Featured Farmer Recipe: Muscadine Cake

 

 

 

 

by Gregg Patterson, Arkansas Farm Bureau

A friend once told me “pie may be the All-American dessert, but cake is pure lust.” Taste Charlotte Wilchman’s Muscadine Cake, and you’ll certainly be caught up in “an overwhelming desire or craving” to experience it again… and again… and again. It’s that good.


Charlotte and Billy Wilchman own and operate Paw Paws Pecans  in Conway County. It’s a 200-acre pecan grove where they also grow muscadines. You can learn more about the Wilchmans and their unique story in the Fall 2017 issue of Front Porch Magazine, and you can check out this short video with Billy:

Charlotte is quick to point out that her version of this scrumptious cake is an adaptation of the recipe from another Arkansas agricultural icon, the Post family of wine-making fame.

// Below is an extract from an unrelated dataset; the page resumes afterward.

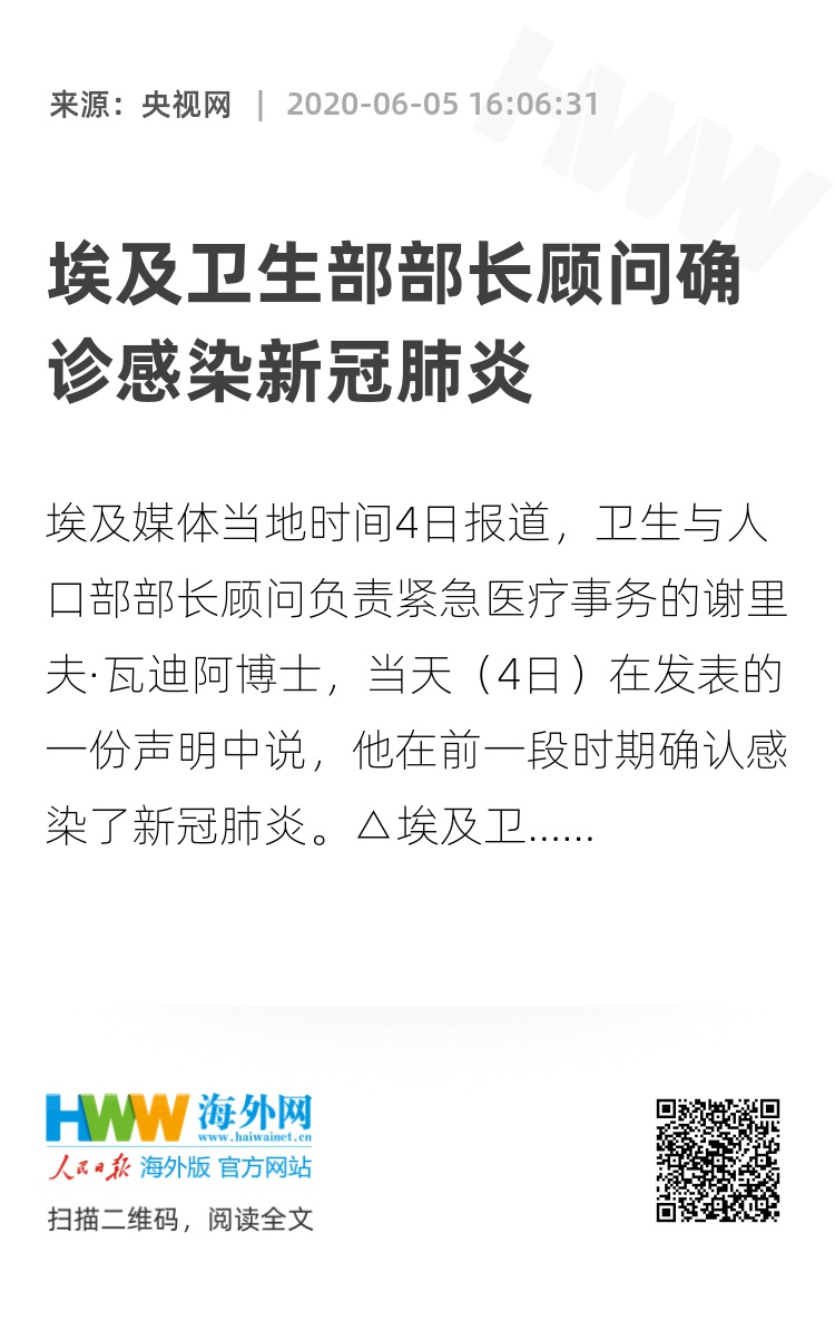 埃及媒体当地时间4日报道,卫生与人口部部长顾问负责紧急医疗事务的谢里夫·瓦迪阿博士,当天(4日)在发表的一份声明中说,他在前一段时期确认感染了新冠肺炎。

Regardless of origin, it is sweetness in its sweetest form.

Muscadines on the vine.

Charlotte prefers topping her cake with the muscadine glaze. However, she says another super-sweet option is to use a fork to prick holes into the top of the just-baked cake immediately upon removal from the oven. Then smear it with homemade muscadine jelly. The fork holes and heat of the freshly baked cake quickly absorb the jelly “icing.” I tried a different option and topped mine using a simple cream cheese icing after the cake fully cooled. It was spectacular!

MUSCADINE CAKE  

For the cake:

  • 1 box of yellow cake mix
  • one 4-ounce box of instant vanilla pudding
  • 1 stick butter
  • 4 eggs
  • 1-1/4 cups of white muscadine juice

For the glaze:

  • 4 tablespoons of white muscadine juice
  • 1-1/4 cups of powdered sugar

Heat oven to 350 F. Mix in a large bowl, the dry cake mix, dry pudding mix, butter, eggs and muscadine juice. Beat 4 minutes with a mixer. Pour batter into a 13” x 9” cake pan. Bake for 45-50 minutes until a toothpick comes out clean. Allow to cool while you make the glaze.

To make the glaze, whisk thoroughly the muscadine juice and powdered sugar in a small bowl. Use a toothpick to poke holes into the top of the cake, then cover the cake top with the glaze.